Re: data corruption with 'splt' workload to XFS on DM cache with its 3 underlying devices being on same NVMe device

Mike Snitzer <snitzer@xxxxxxxxxx> · Tue, 24 Jul 2018 09:07:03 -0400

On Tue, Jul 24 2018 at  2:00am -0400,
Hannes Reinecke <hare@xxxxxxx> wrote:

> On 07/23/2018 06:33 PM, Mike Snitzer wrote:
> >Hi,
> >
> >I've opened the following public BZ:
> >https://bugzilla.redhat.com/show_bug.cgi?id=1607527
> >
> >Feel free to add comments to that BZ if you have a redhat bugzilla
> >account.
> >
> >But otherwise, happy to get as much feedback and discussion going purely
> >on the relevant lists.  I've taken ~1.5 weeks to categorize and isolate
> >this issue.  But I've reached a point where I'm getting diminishing
> >returns and could _really_ use the collective eyeballs and expertise of
> >the community.  This is by far one of the most nasty cases of corruption
> >I've seen in a while.  Not sure where the ultimate cause of corruption
> >lies (that the money question) but it _feels_ rooted in NVMe and is
> >unique to this particular workload I've stumbled onto via customer
> >escalation and then trying to replicate an rbd device using a more
> >approachable one (request-based DM multipath in this case).
> >
> I might be stating the obvious, but so far we only have considered
> request-based multipath as being active for the _entire_ device.
> To my knowledge we've never tested that when running on a partition.
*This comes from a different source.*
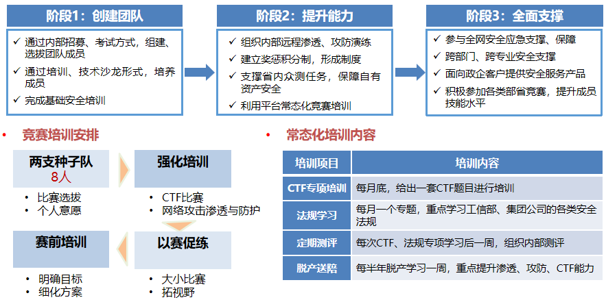集約化安全運營中心需要一支知守善攻的安全保障團隊。中國移動通信集團安徽有限公司認真規劃安全保障團隊的建設計劃,通過創建團隊、提升能力、全面支撐三個階段,穩步提升人員的綜合實力,并成立專門面向競賽的種子隊,針對性的培養行業頂尖的網絡安全人才,打造一支高水平安全攻防技術隊伍,積極參加企業內外專項行動及重大活動的網絡安全保障工作,覆蓋全公司的網絡安全各領域。

True.  We only ever support mapping the partitions ontop of
request-based multipath (via dm-linear volumes created by kpartx).

> So, have you tested that request-based multipathing works on a
> partition _at all_? I'm not sure if partition mapping is done
> correctly here; we never remap the start of the request (nor bio,
> come to speak of it), so it looks as if we would be doing the wrong
> things here.
> 
> Have you checked that partition remapping is done correctly?

It clearly doesn't work.  Not quite following why but...

After running the test the partition table at the start of the whole
NVMe device is overwritten by XFS.  So likely the IO destined to the
dm-cache's "slow" (dm-mpath device on NVMe partition) was issued to the
whole NVMe device:

# pvcreate /dev/nvme1n1
WARNING: xfs signature detected on /dev/nvme1n1 at offset 0. Wipe it? [y/n]

# vgcreate test /dev/nvme1n1
# lvcreate -n slow -L 512G test
WARNING: xfs signature detected on /dev/test/slow at offset 0. Wipe it?
[y/n]: y
  Wiping xfs signature on /dev/test/slow.
  Logical volume "slow" created.

Isn't this a failing of block core's partitioning?  Why should a target
that is given the entire partition of a device need to be concerned with
remapping IO?  Shouldn't block core handle that mapping?

Anyway, yesterday I went so far as to hack together request-based
support for DM linear (because request-based DM cannot stack on
bio-based DM) .  With this, request-based linear devices instead of
conventional partitioning, I no longer see the XFS corruption when
running the test:

 drivers/md/dm-linear.c | 45 ++++++++++++++++++++++++++++++++++++++++++---
 1 file changed, 42 insertions(+), 3 deletions(-)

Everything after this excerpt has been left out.